| TASK STATEMENT |
Take the data below and copy exactly the lines starting at the one with "Sterling Silver Moissanite" and finishing at the one with "기사가 갑자기 황금사과를 꺼내기 시작하는데", both included.

| MATERIAL FOR THE TASK |
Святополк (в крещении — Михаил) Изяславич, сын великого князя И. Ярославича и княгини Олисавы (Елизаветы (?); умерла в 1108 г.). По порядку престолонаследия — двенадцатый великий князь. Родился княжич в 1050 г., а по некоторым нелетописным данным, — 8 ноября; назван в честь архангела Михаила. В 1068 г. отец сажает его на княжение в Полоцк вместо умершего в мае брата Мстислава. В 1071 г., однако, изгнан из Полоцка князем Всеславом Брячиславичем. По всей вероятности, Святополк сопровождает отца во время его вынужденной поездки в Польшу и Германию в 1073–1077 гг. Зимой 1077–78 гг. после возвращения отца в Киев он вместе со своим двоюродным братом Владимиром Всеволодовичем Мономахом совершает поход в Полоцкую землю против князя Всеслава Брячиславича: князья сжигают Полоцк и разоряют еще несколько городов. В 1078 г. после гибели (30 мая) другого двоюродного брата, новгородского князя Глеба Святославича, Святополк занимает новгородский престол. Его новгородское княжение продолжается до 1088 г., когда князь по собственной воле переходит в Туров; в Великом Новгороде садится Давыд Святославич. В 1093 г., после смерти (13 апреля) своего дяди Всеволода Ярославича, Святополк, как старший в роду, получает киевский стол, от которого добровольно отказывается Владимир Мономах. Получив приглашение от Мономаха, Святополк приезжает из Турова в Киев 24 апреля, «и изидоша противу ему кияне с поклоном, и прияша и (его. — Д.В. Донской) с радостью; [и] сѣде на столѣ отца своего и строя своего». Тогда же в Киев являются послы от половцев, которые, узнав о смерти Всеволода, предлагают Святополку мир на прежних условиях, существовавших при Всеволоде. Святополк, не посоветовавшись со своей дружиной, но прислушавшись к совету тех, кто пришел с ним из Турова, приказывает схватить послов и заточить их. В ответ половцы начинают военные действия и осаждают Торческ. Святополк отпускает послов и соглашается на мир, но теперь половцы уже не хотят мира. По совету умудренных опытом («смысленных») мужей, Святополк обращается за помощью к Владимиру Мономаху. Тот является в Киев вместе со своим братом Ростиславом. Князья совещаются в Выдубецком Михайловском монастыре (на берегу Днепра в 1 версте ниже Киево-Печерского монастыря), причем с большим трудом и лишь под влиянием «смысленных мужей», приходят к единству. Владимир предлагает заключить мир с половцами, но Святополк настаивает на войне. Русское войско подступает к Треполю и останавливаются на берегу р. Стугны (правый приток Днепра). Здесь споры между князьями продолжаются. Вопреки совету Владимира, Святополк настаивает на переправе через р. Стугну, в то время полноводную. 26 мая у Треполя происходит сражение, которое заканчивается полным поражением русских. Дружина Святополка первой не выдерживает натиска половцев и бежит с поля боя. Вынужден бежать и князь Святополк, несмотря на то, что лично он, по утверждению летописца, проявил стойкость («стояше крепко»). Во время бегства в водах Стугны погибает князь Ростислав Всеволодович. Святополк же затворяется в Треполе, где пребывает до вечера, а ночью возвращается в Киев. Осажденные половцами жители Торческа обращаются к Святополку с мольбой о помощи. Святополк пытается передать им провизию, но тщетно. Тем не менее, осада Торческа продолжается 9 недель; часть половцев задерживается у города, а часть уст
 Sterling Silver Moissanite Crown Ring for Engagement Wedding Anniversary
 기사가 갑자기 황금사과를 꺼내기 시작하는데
--
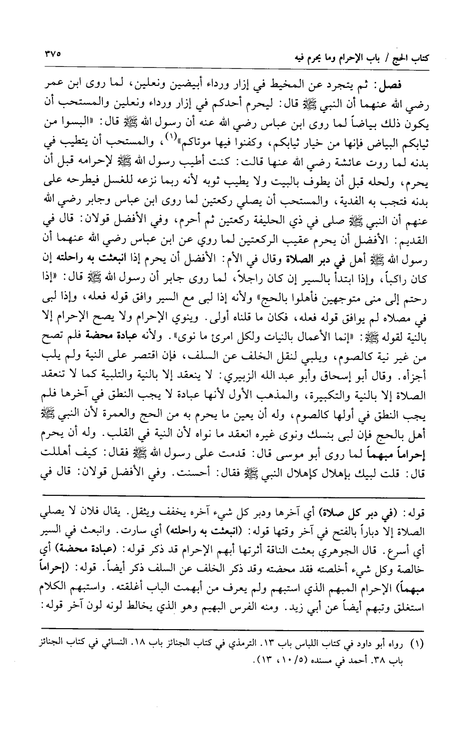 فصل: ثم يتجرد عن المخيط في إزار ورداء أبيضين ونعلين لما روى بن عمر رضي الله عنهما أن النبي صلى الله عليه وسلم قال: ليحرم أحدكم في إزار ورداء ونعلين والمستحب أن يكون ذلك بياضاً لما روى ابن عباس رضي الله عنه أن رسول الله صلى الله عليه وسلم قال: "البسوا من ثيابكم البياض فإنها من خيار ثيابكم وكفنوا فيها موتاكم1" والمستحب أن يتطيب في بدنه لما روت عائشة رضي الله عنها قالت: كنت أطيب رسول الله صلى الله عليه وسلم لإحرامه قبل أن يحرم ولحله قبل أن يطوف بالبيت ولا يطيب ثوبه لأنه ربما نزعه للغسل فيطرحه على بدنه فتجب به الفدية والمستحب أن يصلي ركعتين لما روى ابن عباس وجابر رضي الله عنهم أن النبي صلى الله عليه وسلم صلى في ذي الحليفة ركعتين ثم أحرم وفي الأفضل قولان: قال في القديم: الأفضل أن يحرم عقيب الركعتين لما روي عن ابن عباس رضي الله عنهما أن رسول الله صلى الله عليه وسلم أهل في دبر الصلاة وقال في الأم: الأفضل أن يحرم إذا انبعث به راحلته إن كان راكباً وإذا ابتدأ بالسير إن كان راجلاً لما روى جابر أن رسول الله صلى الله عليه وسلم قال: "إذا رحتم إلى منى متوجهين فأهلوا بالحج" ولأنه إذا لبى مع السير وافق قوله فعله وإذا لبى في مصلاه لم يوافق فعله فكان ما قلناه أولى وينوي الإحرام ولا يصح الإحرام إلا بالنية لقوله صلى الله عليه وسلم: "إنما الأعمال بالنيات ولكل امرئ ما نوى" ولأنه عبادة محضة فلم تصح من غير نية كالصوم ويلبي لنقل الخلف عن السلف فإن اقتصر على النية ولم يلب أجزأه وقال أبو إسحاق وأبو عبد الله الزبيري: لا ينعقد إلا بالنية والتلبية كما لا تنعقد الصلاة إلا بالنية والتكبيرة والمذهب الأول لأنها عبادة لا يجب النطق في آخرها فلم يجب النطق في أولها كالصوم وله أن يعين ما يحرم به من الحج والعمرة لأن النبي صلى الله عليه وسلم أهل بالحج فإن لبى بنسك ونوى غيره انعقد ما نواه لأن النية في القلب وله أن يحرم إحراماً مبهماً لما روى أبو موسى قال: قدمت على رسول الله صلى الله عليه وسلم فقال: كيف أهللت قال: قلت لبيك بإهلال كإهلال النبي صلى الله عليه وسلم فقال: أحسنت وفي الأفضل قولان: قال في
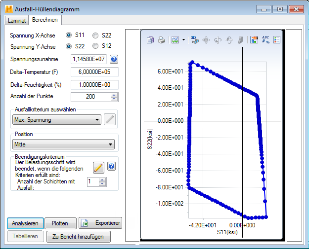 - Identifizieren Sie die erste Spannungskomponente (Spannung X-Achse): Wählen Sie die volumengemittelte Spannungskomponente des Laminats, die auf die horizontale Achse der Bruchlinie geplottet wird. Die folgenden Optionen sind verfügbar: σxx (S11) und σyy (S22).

| COMPLETED EXERCISE |
 Sterling Silver Moissanite Crown Ring for Engagement Wedding Anniversary
 기사가 갑자기 황금사과를 꺼내기 시작하는데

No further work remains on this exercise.